- _ASSIGNMENT_: Nothing should appear in the answer except the lines below from the line containing "第十五期青马班纪律及注意事项" through the line containing "Carol Deene (born", copied exactly, with pictures left out.

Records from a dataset
▶
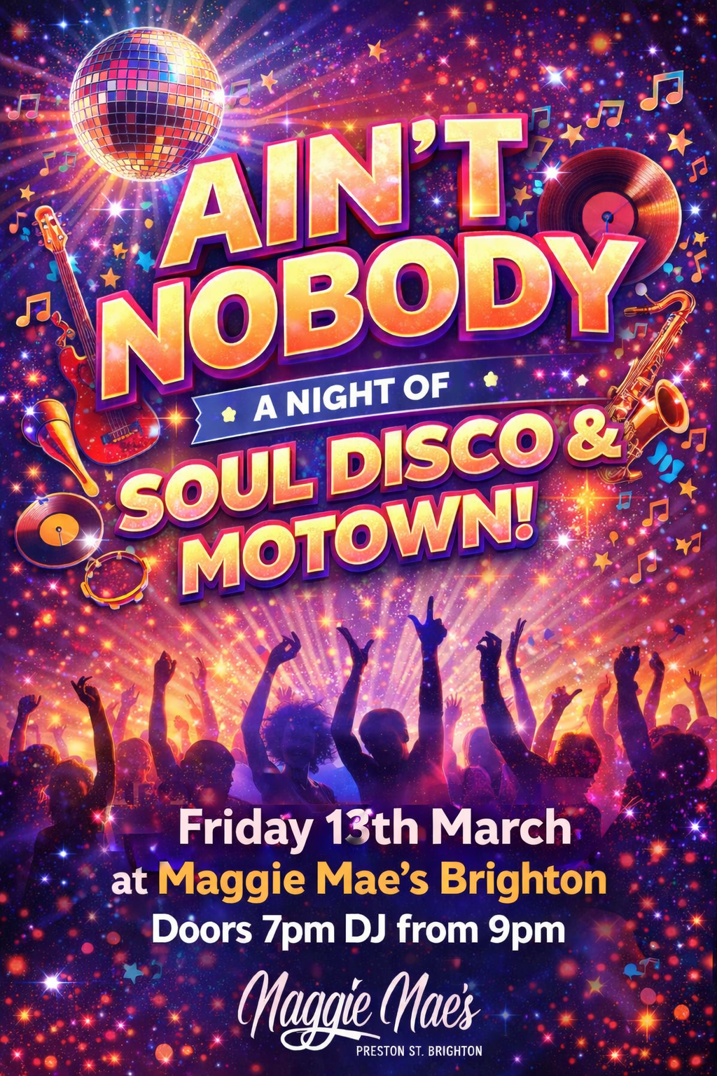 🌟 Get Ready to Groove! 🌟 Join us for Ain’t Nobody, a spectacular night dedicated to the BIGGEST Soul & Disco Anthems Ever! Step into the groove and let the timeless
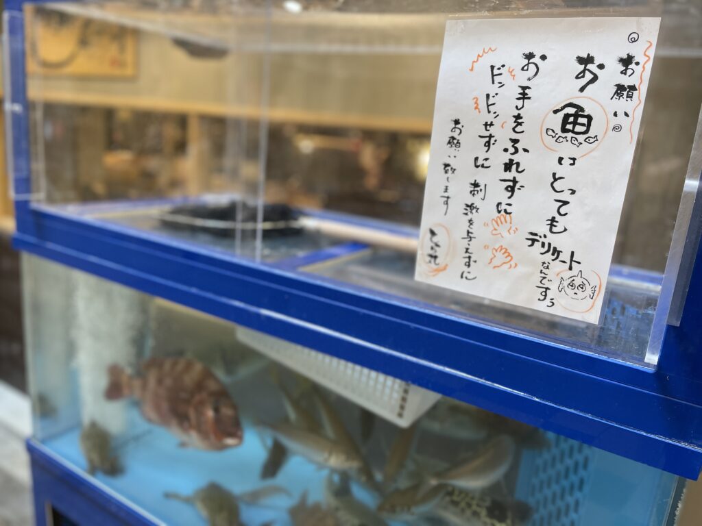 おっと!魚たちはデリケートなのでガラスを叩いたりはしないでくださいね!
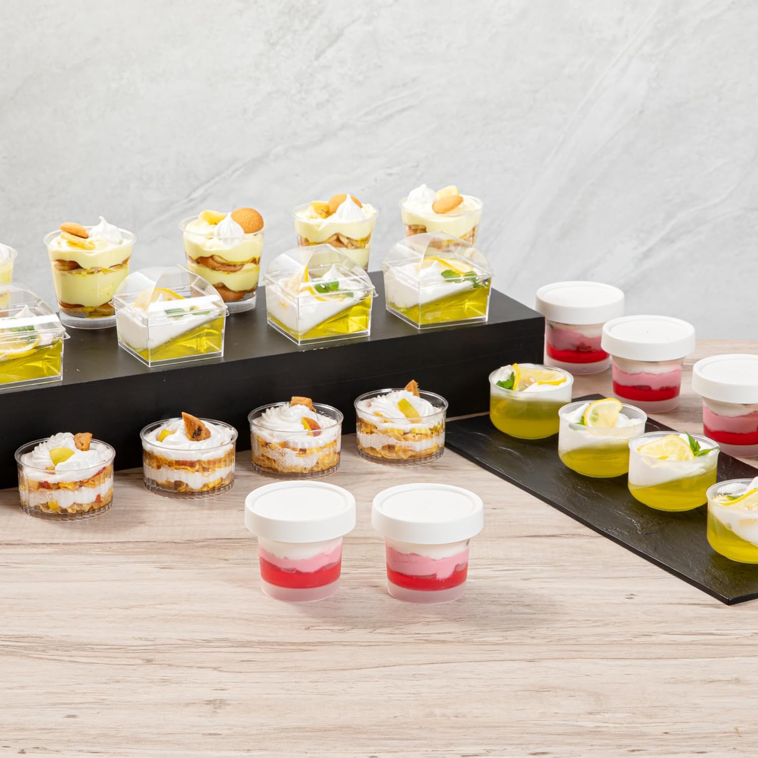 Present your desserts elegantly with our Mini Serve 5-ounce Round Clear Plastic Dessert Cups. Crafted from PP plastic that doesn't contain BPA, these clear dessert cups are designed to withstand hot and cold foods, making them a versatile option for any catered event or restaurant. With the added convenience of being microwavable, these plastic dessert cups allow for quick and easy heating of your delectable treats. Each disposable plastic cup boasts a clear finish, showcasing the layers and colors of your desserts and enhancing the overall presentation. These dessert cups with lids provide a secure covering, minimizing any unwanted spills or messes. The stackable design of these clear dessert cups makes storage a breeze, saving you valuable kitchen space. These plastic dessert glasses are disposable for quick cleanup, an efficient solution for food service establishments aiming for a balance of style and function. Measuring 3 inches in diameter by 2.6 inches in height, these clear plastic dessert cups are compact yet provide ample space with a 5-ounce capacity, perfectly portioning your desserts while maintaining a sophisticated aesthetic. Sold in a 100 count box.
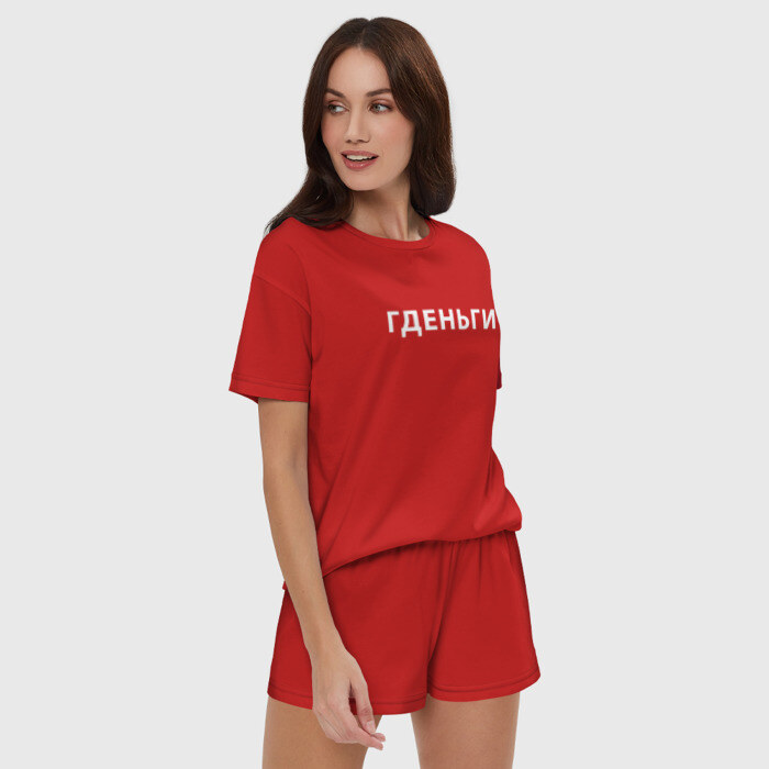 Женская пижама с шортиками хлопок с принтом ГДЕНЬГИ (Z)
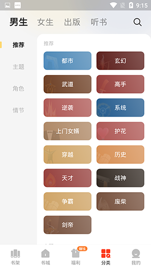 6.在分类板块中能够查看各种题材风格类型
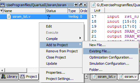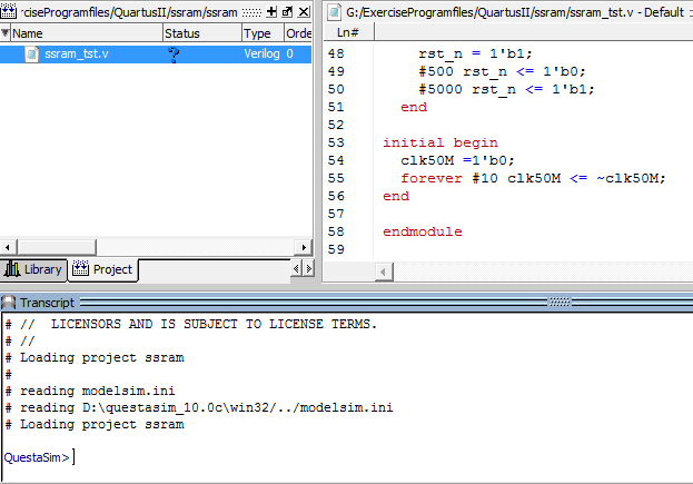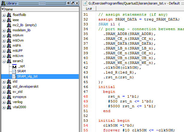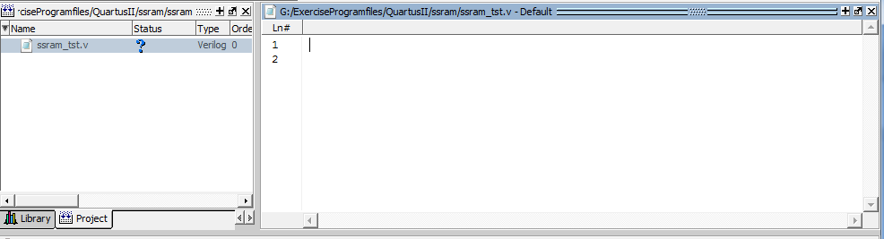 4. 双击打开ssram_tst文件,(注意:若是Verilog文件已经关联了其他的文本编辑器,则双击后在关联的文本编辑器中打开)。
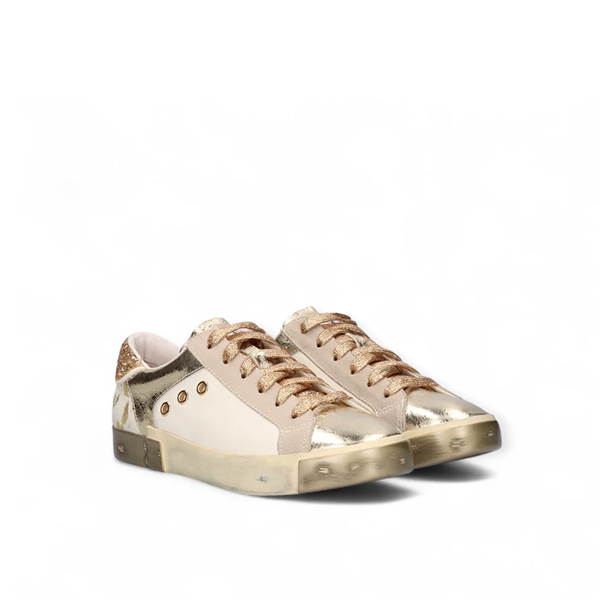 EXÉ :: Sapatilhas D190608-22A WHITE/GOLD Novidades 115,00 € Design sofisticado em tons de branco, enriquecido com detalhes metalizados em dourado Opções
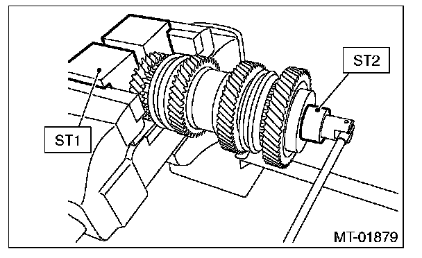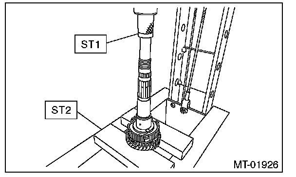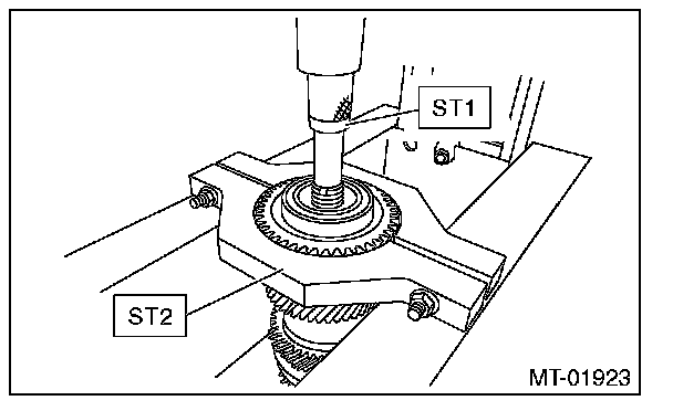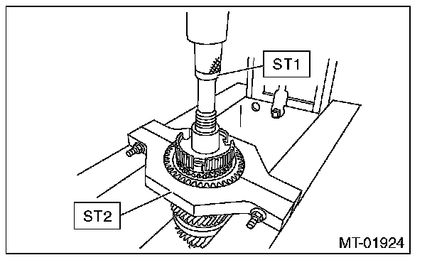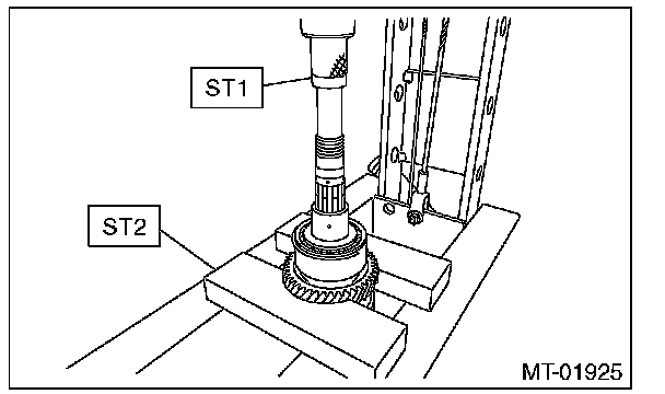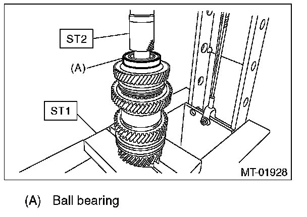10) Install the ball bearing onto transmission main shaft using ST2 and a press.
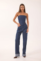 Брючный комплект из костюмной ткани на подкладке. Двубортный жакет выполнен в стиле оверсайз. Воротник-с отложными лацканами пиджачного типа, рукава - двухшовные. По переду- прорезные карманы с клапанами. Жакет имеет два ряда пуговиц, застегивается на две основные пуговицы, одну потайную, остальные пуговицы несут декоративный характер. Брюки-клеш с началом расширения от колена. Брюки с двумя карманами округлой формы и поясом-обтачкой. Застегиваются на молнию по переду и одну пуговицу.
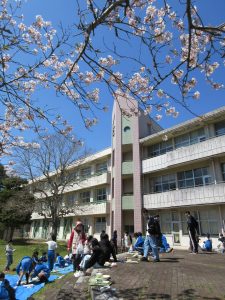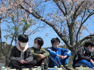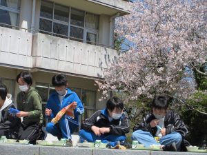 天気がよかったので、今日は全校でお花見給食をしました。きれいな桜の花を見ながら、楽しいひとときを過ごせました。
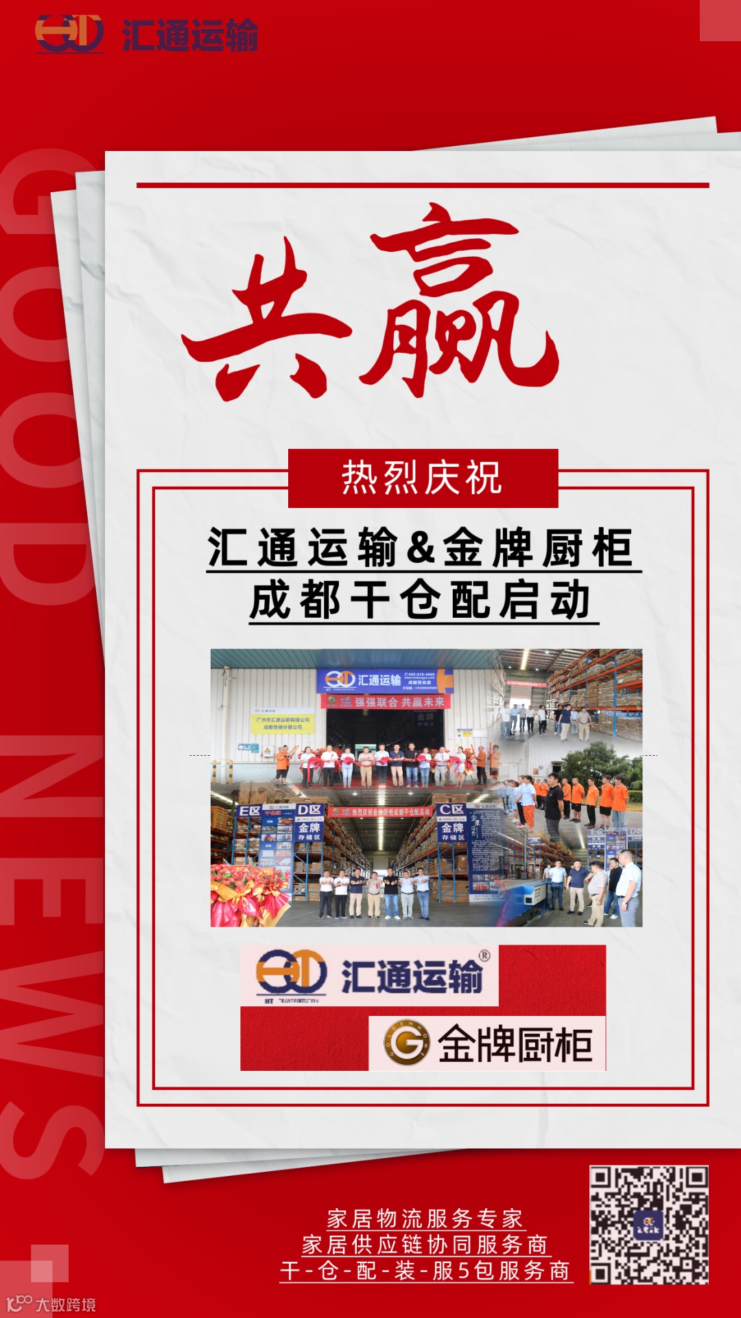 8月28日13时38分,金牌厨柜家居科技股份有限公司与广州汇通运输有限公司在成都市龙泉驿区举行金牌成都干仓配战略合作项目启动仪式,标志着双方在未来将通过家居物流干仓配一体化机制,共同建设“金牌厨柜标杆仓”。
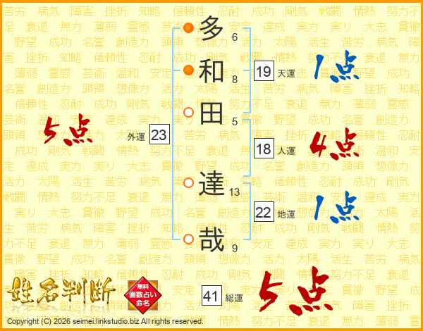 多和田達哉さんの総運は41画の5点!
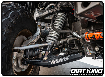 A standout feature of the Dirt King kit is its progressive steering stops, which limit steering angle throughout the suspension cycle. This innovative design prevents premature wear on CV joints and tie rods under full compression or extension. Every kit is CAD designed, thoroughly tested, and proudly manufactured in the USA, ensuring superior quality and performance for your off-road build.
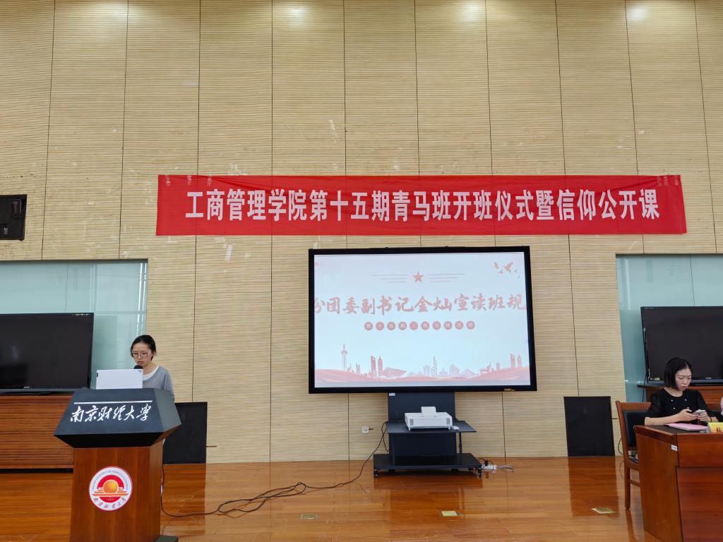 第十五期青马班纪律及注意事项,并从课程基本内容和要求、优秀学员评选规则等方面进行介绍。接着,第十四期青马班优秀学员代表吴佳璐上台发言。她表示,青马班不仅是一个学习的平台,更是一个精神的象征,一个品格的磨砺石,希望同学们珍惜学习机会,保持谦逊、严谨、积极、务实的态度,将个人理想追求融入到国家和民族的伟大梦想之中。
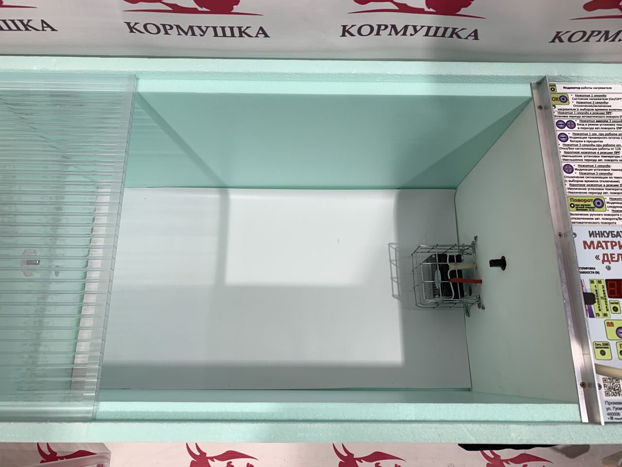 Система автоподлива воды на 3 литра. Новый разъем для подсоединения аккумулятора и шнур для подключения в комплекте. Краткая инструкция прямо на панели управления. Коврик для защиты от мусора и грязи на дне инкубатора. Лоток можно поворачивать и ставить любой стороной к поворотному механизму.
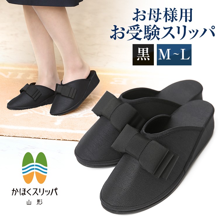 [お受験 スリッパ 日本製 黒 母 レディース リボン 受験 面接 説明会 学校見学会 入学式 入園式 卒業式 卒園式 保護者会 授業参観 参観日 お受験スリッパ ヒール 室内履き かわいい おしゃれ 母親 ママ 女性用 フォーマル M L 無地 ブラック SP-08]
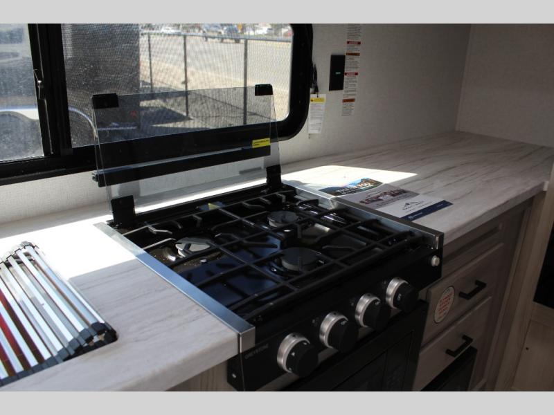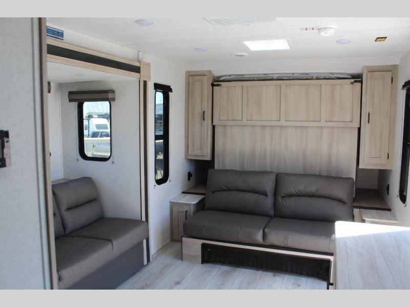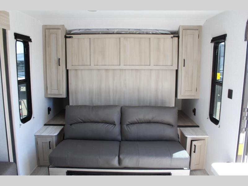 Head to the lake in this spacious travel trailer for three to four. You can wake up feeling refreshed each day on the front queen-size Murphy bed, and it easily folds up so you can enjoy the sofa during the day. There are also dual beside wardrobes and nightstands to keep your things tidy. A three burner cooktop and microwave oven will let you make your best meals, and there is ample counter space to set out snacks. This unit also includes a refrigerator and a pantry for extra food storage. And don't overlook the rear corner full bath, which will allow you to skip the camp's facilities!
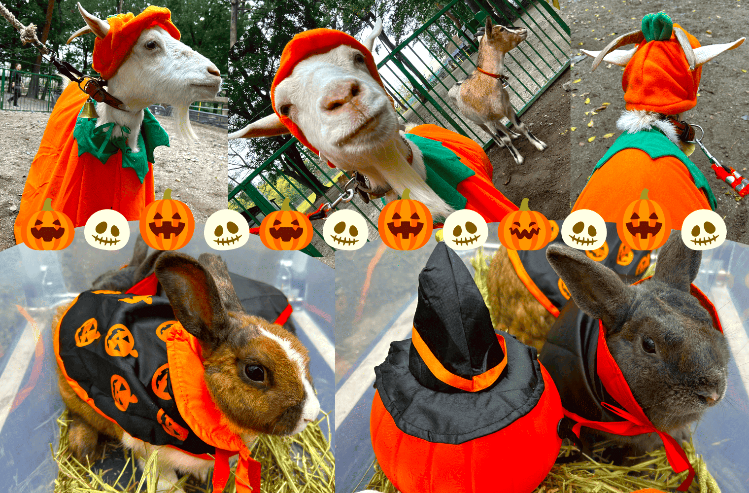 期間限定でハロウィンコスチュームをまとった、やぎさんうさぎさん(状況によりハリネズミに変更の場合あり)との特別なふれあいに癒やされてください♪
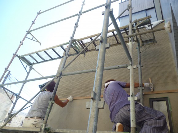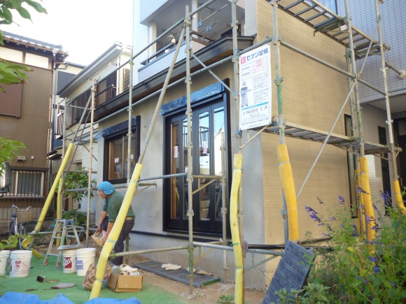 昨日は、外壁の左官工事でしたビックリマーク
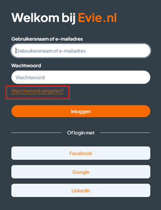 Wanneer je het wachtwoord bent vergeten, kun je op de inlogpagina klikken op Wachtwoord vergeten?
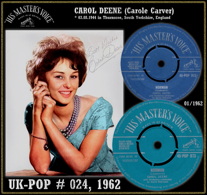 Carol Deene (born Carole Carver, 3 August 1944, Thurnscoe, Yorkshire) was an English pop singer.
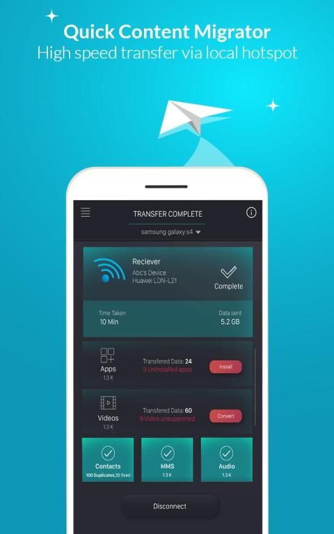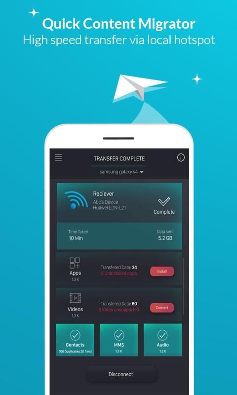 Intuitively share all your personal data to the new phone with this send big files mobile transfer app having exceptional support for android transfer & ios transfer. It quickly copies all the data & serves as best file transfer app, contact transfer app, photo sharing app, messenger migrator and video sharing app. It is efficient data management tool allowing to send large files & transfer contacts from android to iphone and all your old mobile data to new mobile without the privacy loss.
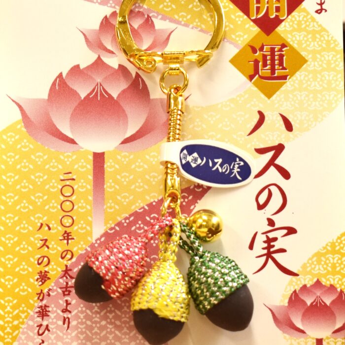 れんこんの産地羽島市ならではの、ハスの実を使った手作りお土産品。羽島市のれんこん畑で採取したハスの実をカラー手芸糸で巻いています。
◀
- _SOLVED EXERCISE_:
 第十五期青马班纪律及注意事项,并从课程基本内容和要求、优秀学员评选规则等方面进行介绍。接着,第十四期青马班优秀学员代表吴佳璐上台发言。她表示,青马班不仅是一个学习的平台,更是一个精神的象征,一个品格的磨砺石,希望同学们珍惜学习机会,保持谦逊、严谨、积极、务实的态度,将个人理想追求融入到国家和民族的伟大梦想之中。
 Система автоподлива воды на 3 литра. Новый разъем для подсоединения аккумулятора и шнур для подключения в комплекте. Краткая инструкция прямо на панели управления. Коврик для защиты от мусора и грязи на дне инкубатора. Лоток можно поворачивать и ставить любой стороной к поворотному механизму.
 [お受験 スリッパ 日本製 黒 母 レディース リボン 受験 面接 説明会 学校見学会 入学式 入園式 卒業式 卒園式 保護者会 授業参観 参観日 お受験スリッパ ヒール 室内履き かわいい おしゃれ 母親 ママ 女性用 フォーマル M L 無地 ブラック SP-08]
 Head to the lake in this spacious travel trailer for three to four. You can wake up feeling refreshed each day on the front queen-size Murphy bed, and it easily folds up so you can enjoy the sofa during the day. There are also dual beside wardrobes and nightstands to keep your things tidy. A three burner cooktop and microwave oven will let you make your best meals, and there is ample counter space to set out snacks. This unit also includes a refrigerator and a pantry for extra food storage. And don't overlook the rear corner full bath, which will allow you to skip the camp's facilities!
 期間限定でハロウィンコスチュームをまとった、やぎさんうさぎさん(状況によりハリネズミに変更の場合あり)との特別なふれあいに癒やされてください♪
 昨日は、外壁の左官工事でしたビックリマーク
 Wanneer je het wachtwoord bent vergeten, kun je op de inlogpagina klikken op Wachtwoord vergeten?
 Carol Deene (born Carole Carver, 3 August 1944, Thurnscoe, Yorkshire) was an English pop singer.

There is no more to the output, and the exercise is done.